El tránsito de algunos congresistas por tres, cuatro o más partidos pone en cuestión la densidad de sus ideas. No es raro encontrar casos de legisladores que han militado en colectividades con bases programáticas antagónicas –del humanismo cristiano al populismo conservador, del progresismo laico al regionalismo autorreferente– sin mediar una explicación coherente del recorrido.

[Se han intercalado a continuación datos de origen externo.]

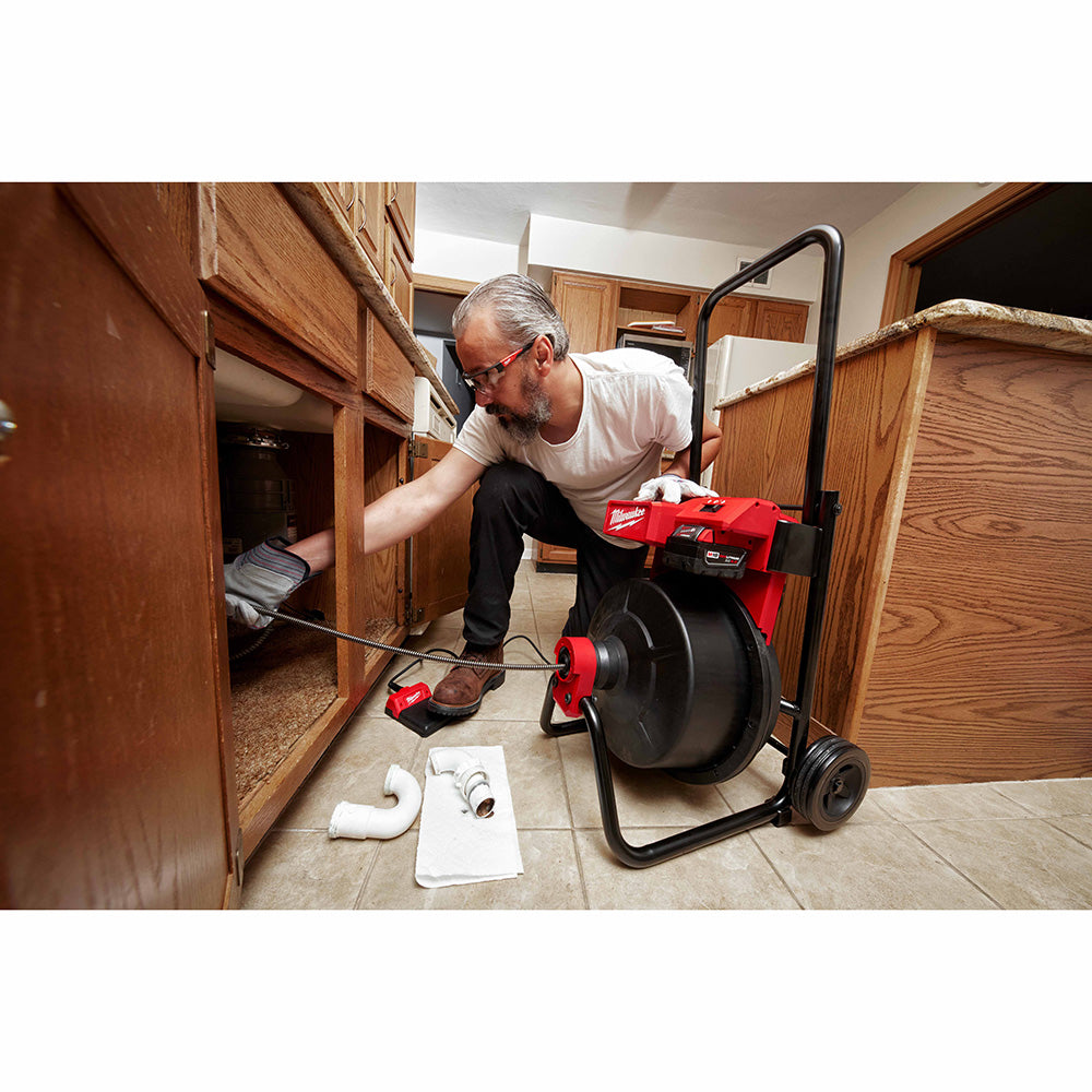 The MILWAUKEE® M18™ Drum Machine with a 3/8 cable allows you to clean drains confidently with instant setup. This M18™ Drum Machine provides more power than corded machines to tackle tough blockages like grease, scale, and build-up. It can clear drains out to 100 with a 3/8 cable or 75 with 1/2 cable. The included 3/8 cable is best for use in 1-1/2- 3 drain lines. For larger drain lines up to 4”, the machine is compatible with 1/2” cables. Complete multiple jobs on one battery charge while simultaneously eliminating the hassle of extension cords and finding electrical outlets, providing access to power anywhere. The enclosed drum and lightweight design allow for cleaner, easier transportation on and off the job. The Milwaukee M18™ Drum Machine is compatible with MILWAUKEE® CABLE DRIVE™ Assembly (47-53-2816) which gives you the capability to automatically feed and retract cable up to 15-20 feet per minute. Additional cable sizes and drum are available in 3/8 x 100 (48-53-2777) and 1/2 x 75 (48-53-2778), drum only (47-53-2817).

La pregunta no es si tienen derecho a cambiar, sino si alguna vez creyeron sinceramente en lo que decían representar. El zigzag constante debilita la noción de que la política sea una vocación de servicio con raíces ideológicas. Se transforma en una carrera de obstáculos donde el objetivo es sobrevivir, aunque sea desnudando de sentido los partidos.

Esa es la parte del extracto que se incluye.